North Korea, at the centre of a confrontation with the United States over the hacking of Sony Pictures, experienced a complete internet outage for hours before links were restored yesterday, but US officials said that Washington was not involved.

US-based Dyn, a company that monitors internet infrastructure, said the reason for the crash was not known but could range from technological glitches to a hacking attack.

Several US officials close to the investigations into the targeting of Sony Pictures said the American government had not taken any cyber action against Pyongyang.

North Korea has significantly less internet to lose, compared to other countries with similar populations

US President Barack Obama vowed on Friday to respond to the major cyberattack, which he blamed on North Korea, “in a place and time and manner that we choose”.

Dyn said North Korea’s internet links were unstable on Monday and the country later went completely offline.

Links were restored at 0146 GMT on Tuesday.
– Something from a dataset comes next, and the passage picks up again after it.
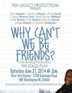 - Why Can’t We Be Friends, (Children/Anti-Bully), 2013 “Inspired by the heartfelt memoir ‘I Believe In Me’ by Young Christopher Hopson, ‘Why Can’t We Be Friends’ navigates the journey of self-discovery and resilience, encouraging audiences to question the barriers that prevent genuine connections.

Possibilities for the outage could be attacks by individuals, a hardware failure, or even that it was done by North Korea itself, experts said.

Matthew Prince, CEO of US-based CloudFlare which protects websites from web-based attacks, said the fact that North Korea’s internet was back up “is pretty good evidence that the outage wasn’t caused by a state-sponsored attack, otherwise it’d likely still be down for the count”.

Almost all of North Korea’s internet links and traffic pass through China, which dismissed any suggestion that it was involved as “irresponsible”.

Meanwhile, South Korea, which remains technically at war with the North, said it could not rule out the involvement of its isolated neighbour in a cyberattack on its nuclear power plant operator.

It said only non-critical data was stolen and operations were not at risk, but had asked for US help in investigating.

South Korean President Park Geun-hye said yesterday the leak of data from the nuclear operator was a “grave situation” that was unacceptable as a matter of national security, but she did not mention any involvement of North Korea.

Their neighbour is one of the least-connected nations in the world, and the effects of the outage would have been minimal.

Very few of its 24 million people have access to the internet. However, major websites, including those of the KCNA state news agency, the main Rodong Sinmun newspaper and the main external public relations company went down for hours.

“North Korea has significantly less internet to lose, compared to other countries with similar populations: Yemen (47 networks), Afghanistan (370 networks), or Taiwan (5,030 networks),” Dyn Research said. “And unlike these countries, North Korea maintains dependence on a single international provider, China Unicom.”

The United States requested China’s help last Thursday, asking it to shut down servers and routers used by North Korea that run through Chinese networks, senior officials said.